I have never used minidumps, someone else should help you with that! It is just that I have never needed to look for one up to this day. Found lot of info on them just using Google.

Good turn around on the power supply.

Re boots could point to faulty RAM, just check any memtest. At the same time try under clocking your processor (if it is set to 200MHz lower to 133MHz or even 100MHz just to see how things run making sure your RAM follows your FSB).

Is the BIOS on your 9800 the original? Are you using RAM sink or have you done any modifications?

Can you give me your 9800's part number from the PCB if possible?

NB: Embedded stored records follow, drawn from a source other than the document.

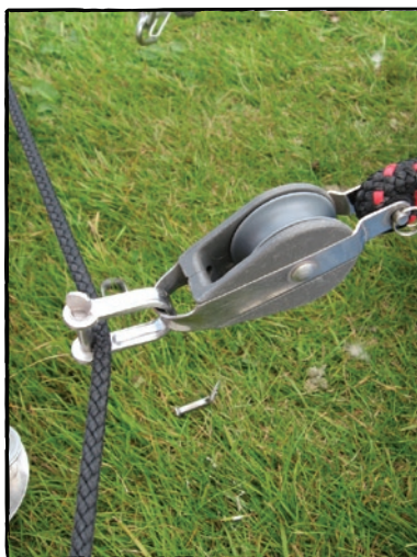
Photo 36, First block

Attach one mainsheet block to the underside of the end of the boom, and the other (the one with the becket) is attached to the horse between the two eye holes (Photo 36). Attach the mainsheet around the becket on the lower block.
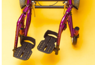
LEAF in Windswept Right
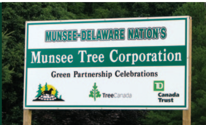
The Munsee-Delaware project helped create jobs in the green economy for First Nations youth.

TD Asset Management is a signatory to the United Nations Principles for Responsible Investing and offers three sustainability funds to retail and institutional investors.
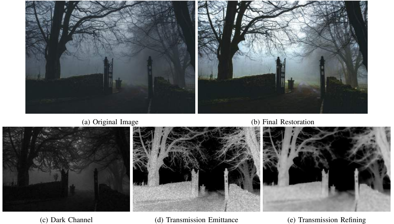
Fig. 4: Results: Fog in City [17]

While the algorithm demonstrates remarkable capabilities, it's important to acknowledge its potential limitations. Scenarios where scene objects mimic atmospheric light and cast no shadow might challenge the algorithm's assumptions. Nonetheless, its performance across a diverse image set underscores its usefulness. Visual transformations from 'before' to
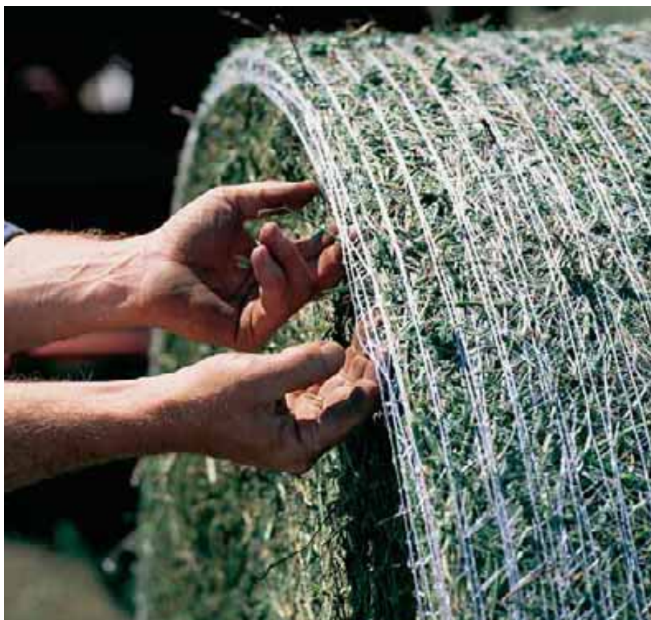
"Over-the-edge" wrapping produces bales that hold their shape and are easier to handle, transport and feed.
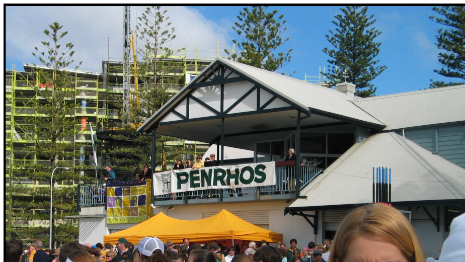
Head of the River Day 2003
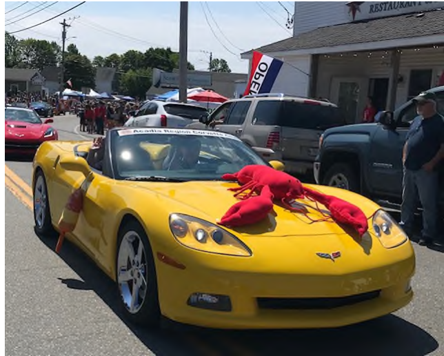
(If you didn't guess from the photos above, the parade theme was "Lobstahs.")
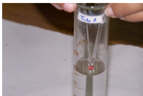
Figure 2: Use of glass stirrers to drop RBC over liquid surface
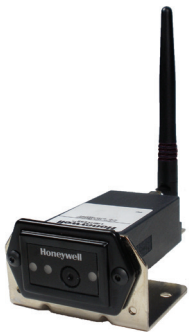
WPB1 WPMM mounting bracket
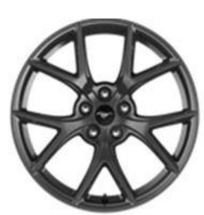
★19" X 9.5" (F) 19" X 10" (R) Magnetic-painted Aluminum (64S) Available on (600A – 700A)
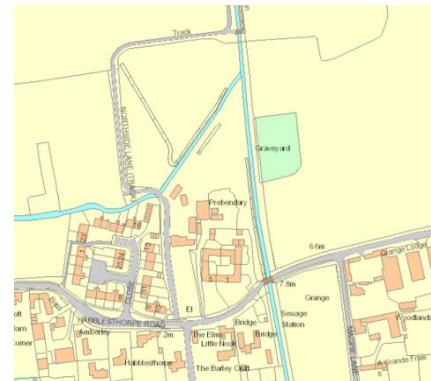
2015 O.S. Map showing churchyard
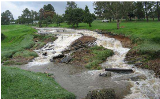
Water cascades down from the spillway of Dam 1

What was even more shocking is people's reaction to flooded areas. What on earth were they doing trying to cross a flooding bridge in heavy rain, a bridge, which anyone who lives or works here knows, floods every time there is heavy rain. The sheer stupidity of their actions is beyond belief. By being so stubborn they put themselves at risk as well as the rescue team that had to come to drag them to safety.
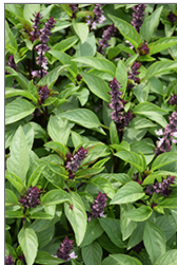
Sweet Basil flowers

Sweet Basil is a good choice for the edible garden, but it is also well-suited for use in outdoor pots and containers. It is often used as a 'filler' in the 'spiller-thriller-filler' container combination, providing the canvas against which the larger thriller plants stand out. Note that when growing plants in outdoor containers and baskets, they may require more frequent waterings than they would in the yard or garden.
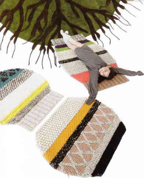
CLOCKWISE FROM BOTTOM LEFT: Designer-of-the-moment Patricia Urquiola's carpets for GAN; the Roots rug for Nodus; Leaf wallpaper of Jocelyn Warner; Up Up Up folds away and is easy to carry; Uaciró's Naturafantastic collection
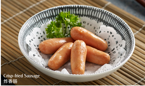
Crisp-fried Sausage 炸香肠
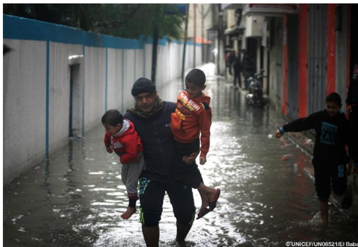
A Palestinian father carries his children through a flooded street during the winter storm in Rafah, Gaza, on 25 January 2016. Seven mobile water pumps, donated by UNICEF, are being used by Gaza's Coastal Municipalities Water Utility (CMWU) to clear the flooded areas.

UNICEF in coordination with OCHA and UNRWA provided assistance through the WASH Cluster in distributing of 55,000 litres of fuel to critical WASH facilities, particularly in Rafah and Eastern villages of the Gaza Strip.
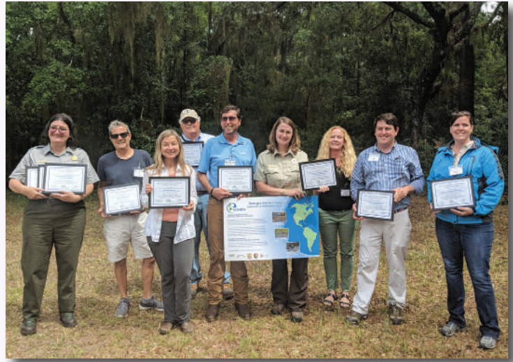
Site partners celebrate the Georgia Barrier Island WHSRN site designation at Harris Neck NWR.
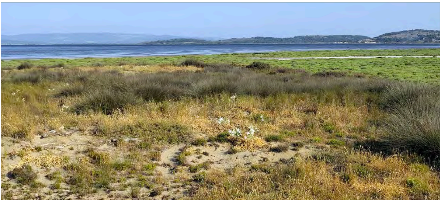
Breeding site of the Collared Pratincole in Gruissan, Aude, July 2025

• 1 July (with C. Clairotte ) - We conduct a survey of Kentish Plovers on Vieille Nouvelle beach south of Gruissan (Aude), a beach that has finally been closed to motor vehicles after many years of campaigning to enforce the law. After discovering a few pairs, some brooding and others accompanied by chicks, we decided to continue on to Grau de la Vieille Nouvelle to complete our inventory.

Since you haven't replied, should I assume you have already fixed this? I hope so :)
 
What I did was take the two older RAM sticks out and have left them out. I was just talking to a friend of mine today at the gym who suggested putting the RAM sticks back in and underclock it, the same as you have suggested. I think the P4C800 Deluxe can handle a 400 MHZ FSB for memory, but maybe it drops a bit when all four DIMM slots are occupied. Since those RAM sticks have been taken out (and uninstalling ZoneAlarm Pro), the errors and problems seem to have stopped. I just was playing Far Cry at 1024x768 with the graphics ramped up and it didn't hiccup even once. Madden 05 plays without any lag. I think that when I have some time I'll pull out the tower and put them back in while lowering the RAM bus a notch or two on the BIOS. My BIOS is updated, as well as the Catalyst drivers.

My monitor is ancient (it's an old MAG CRT monitor, I have delayed getting an LCD monitor due to ghosting issues that I know once existed and due to the fact that my three year old would probably push it over). Can a monitor affect the quality of the card?